Imagine yourself in these scenarios!
• "Looks like we're snowed in," announces the ski instructor, a hottie from Montreal named Jean-Pierre, to you and the four college students who have taken shelter in a tiny lodge just outside Aspen. Kevin, the youngest and shyest of the students, opens a wooden box in the corner and gasps. "Wh-wh-what do you do with this?" he asks, presenting his newfound booty. "I can show you," you say confidently, "I can show all of you." A minute later, and a game of Scattergories is in full swing.
• After a long workout, you fall asleep in your gym's steam room. When you awake, you wander through the health club only to discover you've been locked in for the night! Fortunately, you encounter another towel-clad captive: a strikingly tall man with a shoulder-length black hair and a treasure trail down his torso. "You'll do just fine," you tell him. "Wake me up in six hours. A good night's sleep away from my dry, stuffy apartment will do wonders for my sinuses!"

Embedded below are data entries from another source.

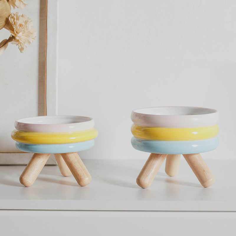 Gulu 그릇 애완 동물 음식 그릇 물 그릇 고양이 그릇 세라믹 다채로운 고양이와 개 먹이 그릇 고양이 음식 분지 분할 높은 목 보호스토어 가기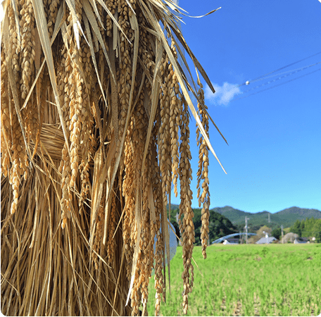 刈り取った稲を束ねて木の棒にかけ、お日さまの力でじっくりと乾かします♪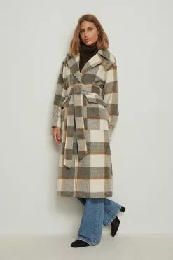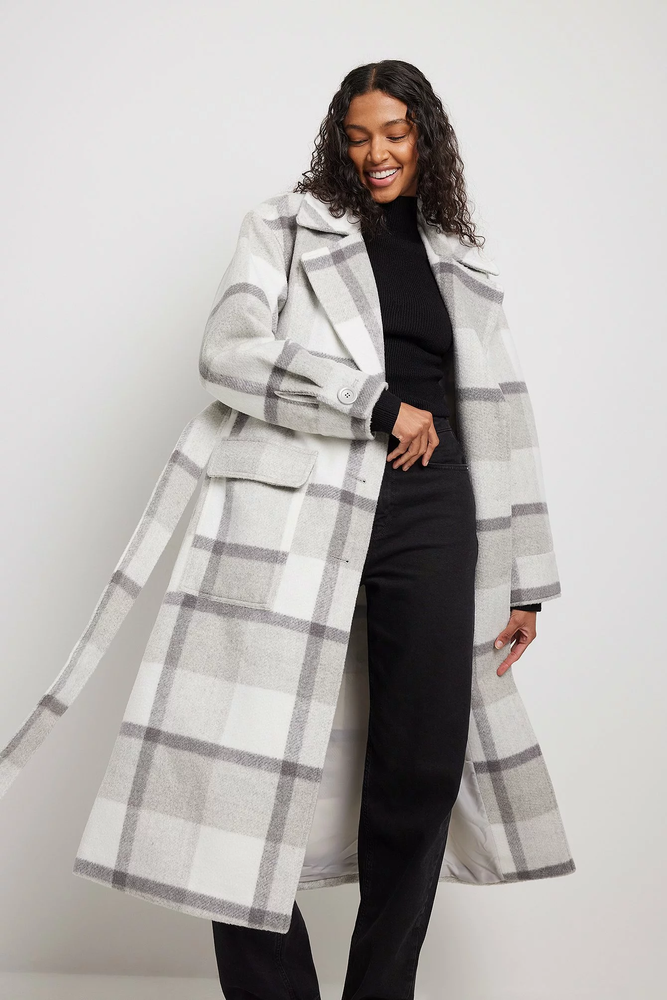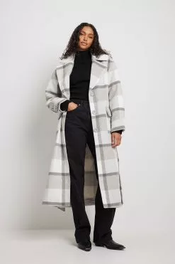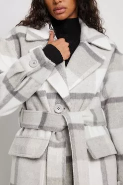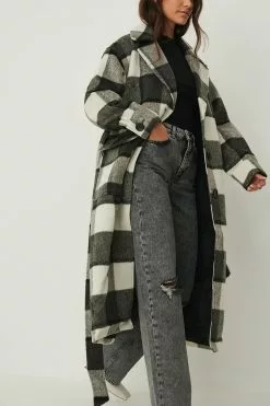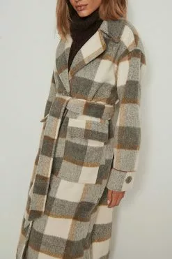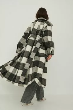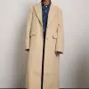 This coat features a lapel neckline, long sleeves with button cuffs on the ends, a button closure down the front, two front flap pockets, belt loops at the waist with a removable self-tie band, a long, oversized fit and a lining.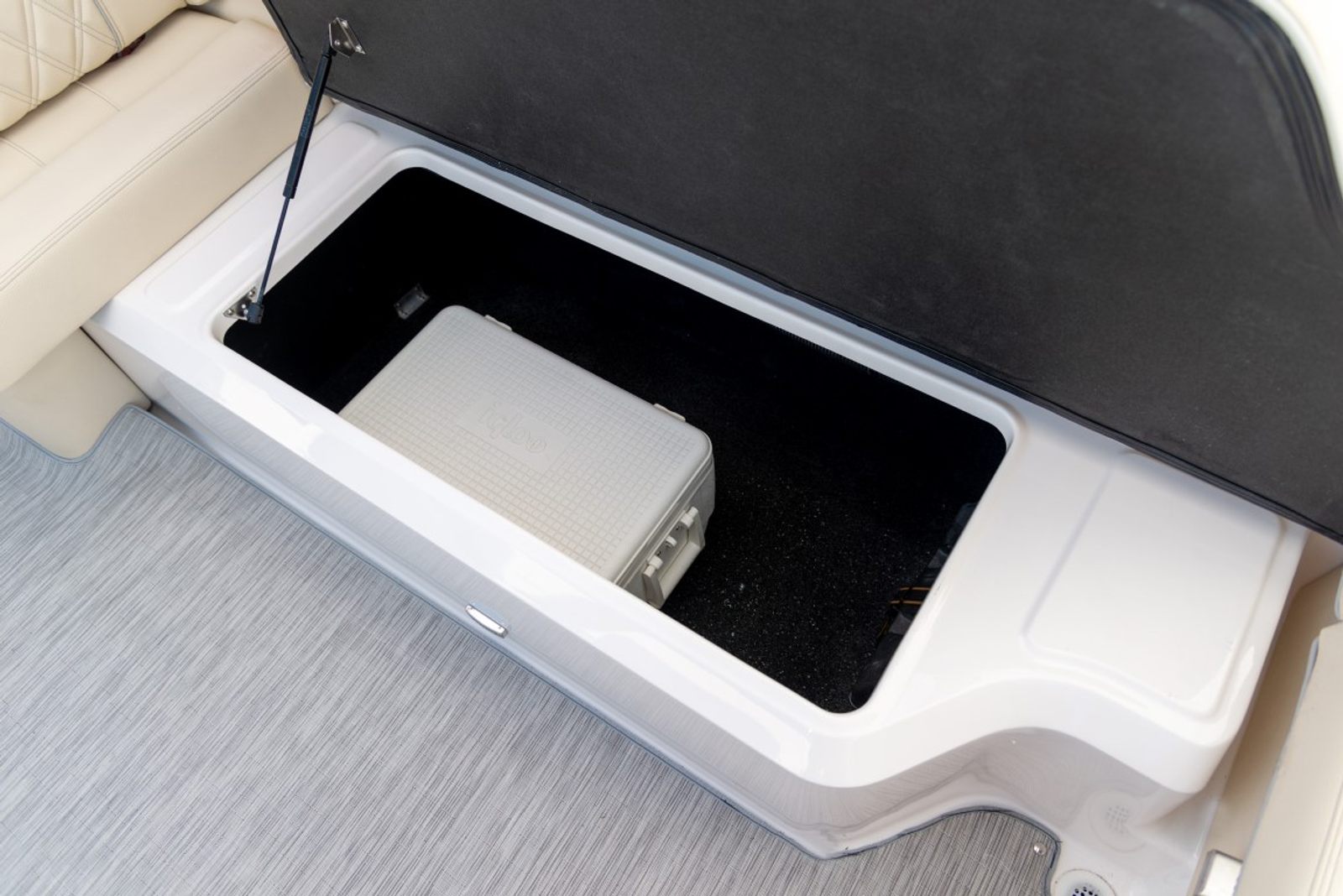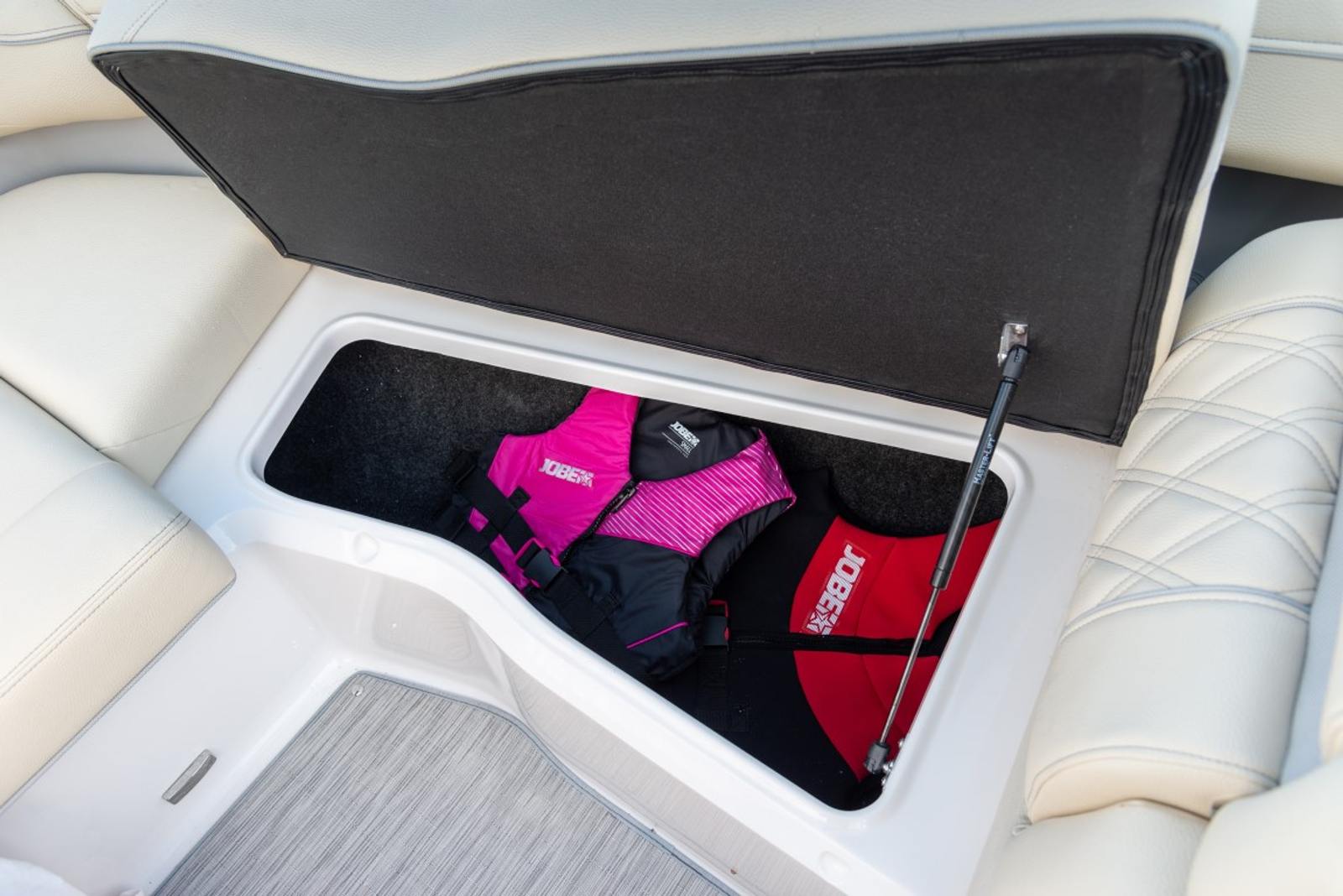 The Regal LS6 Bowrider is designed with practicality in mind, making ownership easy and enjoyable. The generous storage compartments allow you to stow gear, water toys, and personal items securely, keeping the deck clutter-free. Docking is a breeze thanks to the boat’s responsive handling and manageable size, while the efficient engine ensures you spend more time enjoying the water and less time refueling.The dual battery system and onboard charger provide peace of mind, ensuring your electronics and accessories are always powered up and ready to go. The durable cockpit mat and protective covers help maintain the boat’s pristine condition, reducing maintenance and preserving its value over time.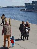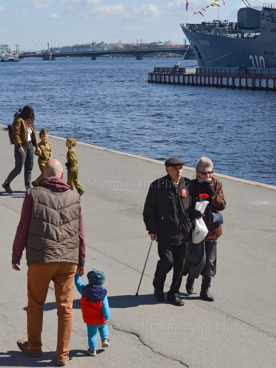 75-я годовщина Победы в Великой Отечественной войне. Санкт-Петербург во время режима самоизоляции из-за опасности распространения коронавирусной инфекции COVID-19. Жанровая фотография. Пожилые люди на набережной на фоне крейсера "Аврора".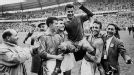 Los jugadores de Brasil celebran la victoria sobre Suecia en Estocolmo; era la primera selección que ganaba un Mundial fuera de su continente

• You weren't expecting anyone, but you answer the front door on a Saturday morning to find Zac Efron—or his exact twin—in a UPS uniform, sweat starting to glisten on his forehead. "I can't make out this address," he says. "Could this package be for you?" "I'm beginning to think this is exactly what I ordered," you say, inviting him in. Fifteen minutes later, you're binge-watching DVDs of The Good Wife, feeling no guilt over the delivery boy's probable dismissal for being too dumb to tell the difference between East 12th and West 12th Streets.
• "Since you're my last appointment of the day," says your new doctor, a dead ringer for Aziz Ansari, as he closes and locks the door, "I can offer you a little extra. Your insurance company doesn't need to know anything about it." Fifteen minutes later, that skin tag on your neck is but a memory.
• "I was just getting ready to close up," says the bartender—a muscular young guy in a tank top—as you walk into the popular but now empty club. "But I can take care of one more customer." You don't hesitate. After one sip of a gin and tonic, suddenly you're moaning with pleasure. "This is fantastic," you say. "I've never been able to find a seat in here before!"